____ Information shown

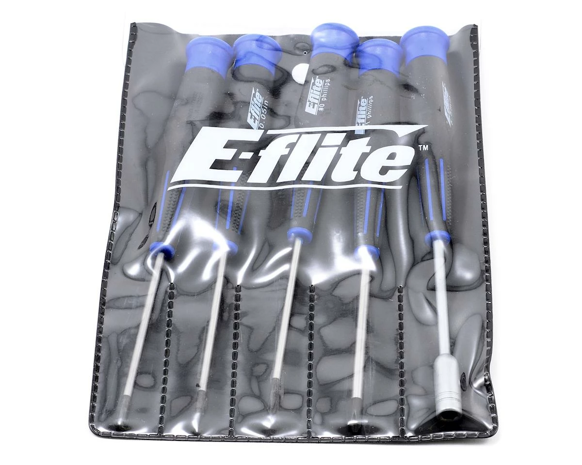 E-flite™ introduces a handy and inexpensive 5-piece tool set with storage pouch, designed for electric park flyer pilots.
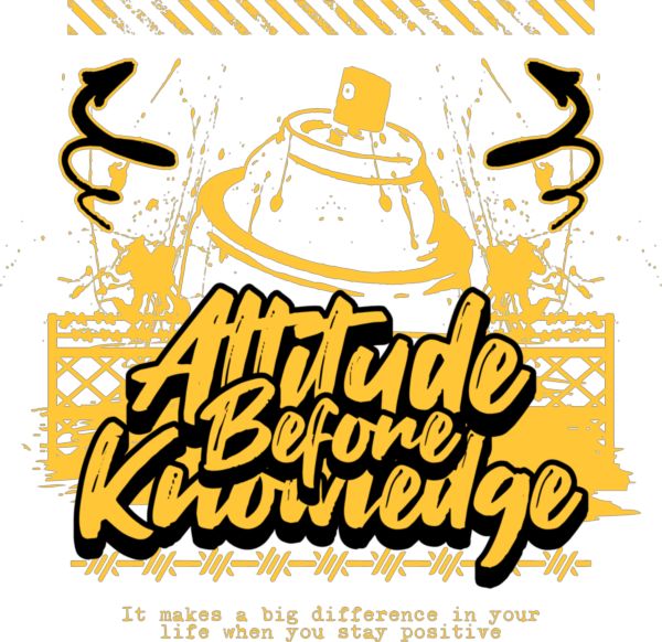 Κείμενο «Στάση πριν από τη γνώση» σε γκράφιτι ύφος. Σχόλιο για θετικότητα.
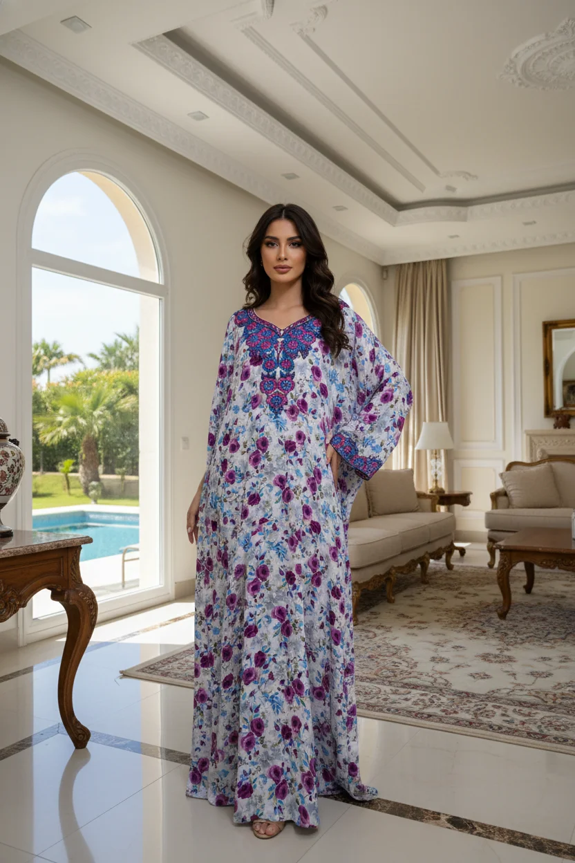 Step into a feminine ready-to-wear look with this high-quality tailored mukhawar in Indonesian silk, featuring an elegant standard design with adjustable side ties that allow you to define the waist easily and enhance your silhouette gracefully.

________

* _Exercise prompt_:
For this exercise, return the material word for word and drop each image.

* _Response area_:
 E-flite™ introduces a handy and inexpensive 5-piece tool set with storage pouch, designed for electric park flyer pilots.
 Κείμενο «Στάση πριν από τη γνώση» σε γκράφιτι ύφος. Σχόλιο για θετικότητα.
 Step into a feminine ready-to-wear look with this high-quality tailored mukhawar in Indonesian silk, featuring an elegant standard design with adjustable side ties that allow you to define the waist easily and enhance your silhouette gracefully.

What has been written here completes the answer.